虽然我确信其他人可以给你一个更好的答案,但这样做会有所帮助。
require(plyr)
diffWeek <- function (df) {
abs(df$date[1] - df$date[2])}
eightWeeks <- 7*8 # 56 days
aux.data <- ddply(data, "lastName", function (df) diffWeek(df) > eightWeeks)
data[data$lastName %in% aux.data[aux.data[,2]==T,1],] # this willreturn the data.frame.
Note that my answer doesn't generalize well. If I have more time I'll try to generalize it. But it should work for now.
请注意,我的答案并不能很好地概括。如果我有更多的时间,我会尝试概括它。但它现在应该有效。
#1
1
How about:
怎么样:
maxDiff <- tapply(data$date,data$personID,function(x) max(dist(x)))
subset(data,personID %in% names(maxDiff[maxDiff>(8*7)]))
id personID lastName date status
1 1 1 james 2012-01-12 1
4 4 4 mary 2012-01-16 1
5 5 4 mary 2012-04-12 1
8 8 1 james 2011-06-24 1
#2
0
This will do the trick, though I'm sure someone else can give you a better answer.

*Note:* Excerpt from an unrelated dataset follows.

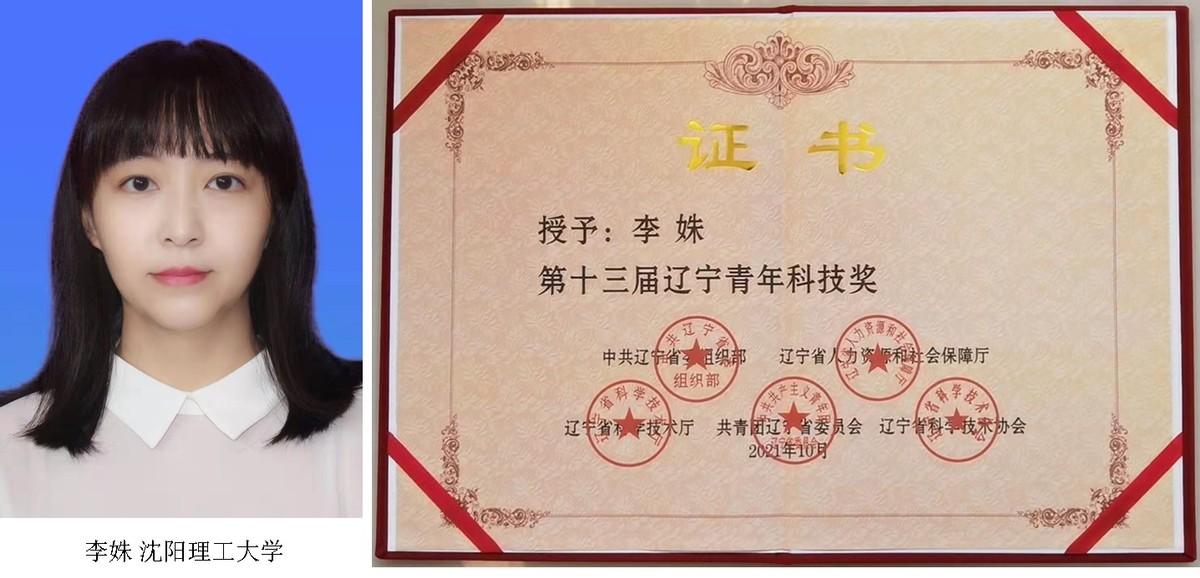 在本次评选活动中,根据《辽宁青年科技奖评选办法》(辽科协发﹝2019﹞7号)规定,经辽宁青年科技奖评审委员会组织评审、辽宁青年科技奖评选工作领导小组审定,授予李姝等46名同志第十三届辽宁青年科技奖。李姝是沈阳理工大学优秀的青年科技工作者,在科技创新领域取得了优异成绩。希望学校广大青年科技工作者以她为榜样,奋发进取,勇于创新,为科研兴校、人才强校,为辽宁老工业基地全面振兴全方位振兴贡献力量。
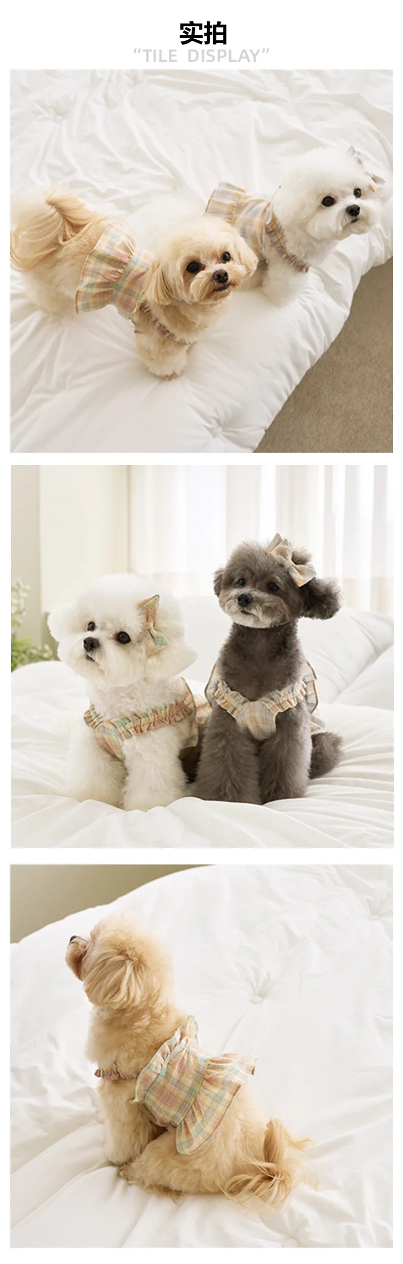 Camisola de primavera y verano para mascotas, chaleco a cuadros, ropa para cachorros y gatos, vestido a cuadros, oso de peluche, ropa para perros pequeños, sombreros, ropa para cachorros

虽然我确信其他人可以给你一个更好的答案,但这样做会有所帮助。
require(plyr)
diffWeek <- function (df) {
abs(df$date[1] - df$date[2])}
eightWeeks <- 7*8 # 56 days
aux.data <- ddply(data, "lastName", function (df) diffWeek(df) > eightWeeks)
data[data$lastName %in% aux.data[aux.data[,2]==T,1],] # this willreturn the data.frame.
Note that my answer doesn't generalize well. If I have more time I'll try to generalize it. But it should work for now.
请注意,我的答案并不能很好地概括。如果我有更多的时间,我会尝试概括它。但它现在应该有效。